George Ramsay Acland Mills (1 October 1896 – 8 December 1972) was a British preparatory schoolmaster and an author of children's adventure stories.  His whimsical tales often revolve around boys' preparatory schools in Great Britain and often involve sports like cricket, pranks, and mysteries, as well as a beloved pet bulldog, Uggles. He was born in Bude, Cornwall and died in Devonshire.

Career as an author
Mills is listed in the British Library as a "Writer of Tales for Boys".

Books authored by Mills on the shelves of the British Library include Meredith and Co.: The Story of a Modern Preparatory School [1933], King Willow [1938], Minor and Major [1939], and St.
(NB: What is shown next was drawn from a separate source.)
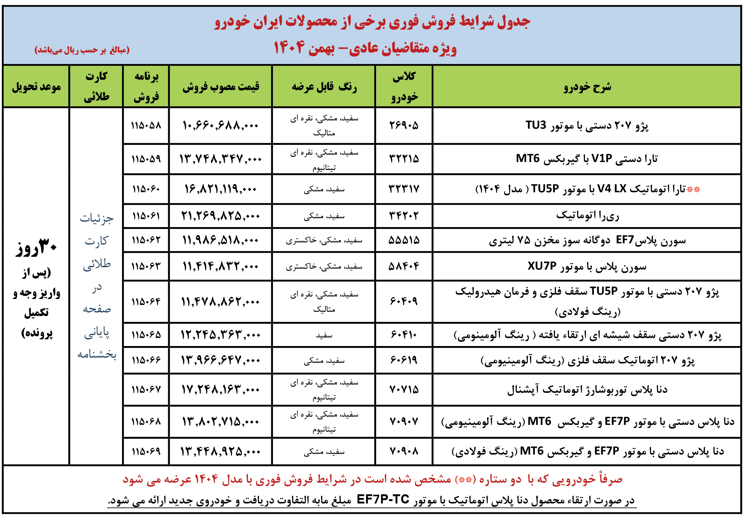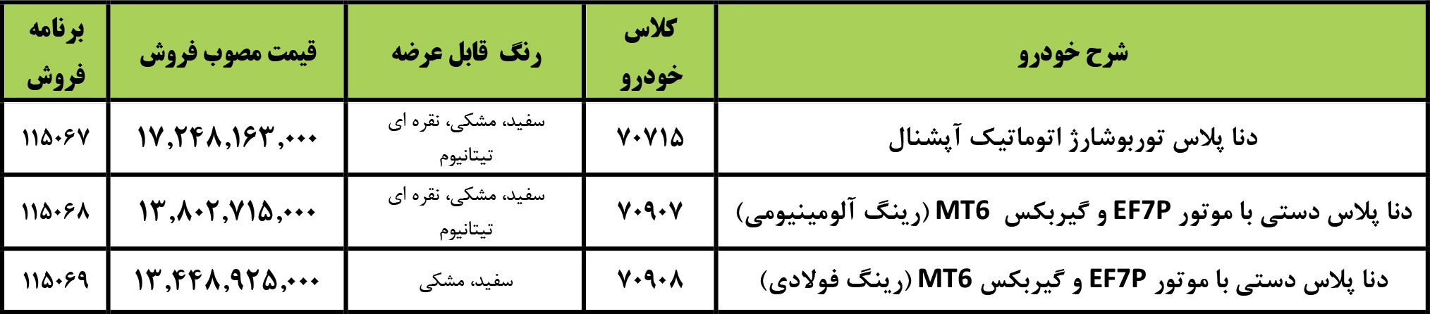 همزمان با اعلام هشتمین مرحله فروش سراسری شرکت ایران خودرو ویژه مهرماه 1404، شرایط فروش انواع محصولات خانواده دناپلاس، در مدل‌های تنفس طبیعی و توربوشارژ، نیز از سوی این شرکت اعلام شده است که براساس آن، متقاضیان از روز یکشنبه مورخ 1404/07/06 تا پایان روز پنجشنبه مورخ 1404/07/10 جهت نام‌نویسی و انتخاب حداکثر یک خودرو (مطابق جدول زیر) مهلت دارند:

Thomas of Canterbury [1939].  Although Mills never published another book after 1939, he saw his work reprinted for another generation into the late 1950s.

Mills' most famous book, Meredith and Co., captured the idiom of pupils during the interwar period more accurately than any other novel.  Five years later, Mills published a sequel, King Willow.  The books followed the maturation and adventures of a cadre of fun-loving boys in fictional Leadham House Preparatory School.  Leadham House was based on the teaching experiences of Mills while on the staff at Windlesham House School in Portslade and Warren Hill School in Meads, both in East Sussex, between 1925 and 1933.

Education, teaching and military
Mills also taught at The Craig School in Windermere, the English Preparatory School in Glion, and Eaton Gate Preparatory School in London between 1926 and 1938, and at Ladycross School, a Catholic boys' preparatory school in Seaford, East Sussex in 1956 (pictured).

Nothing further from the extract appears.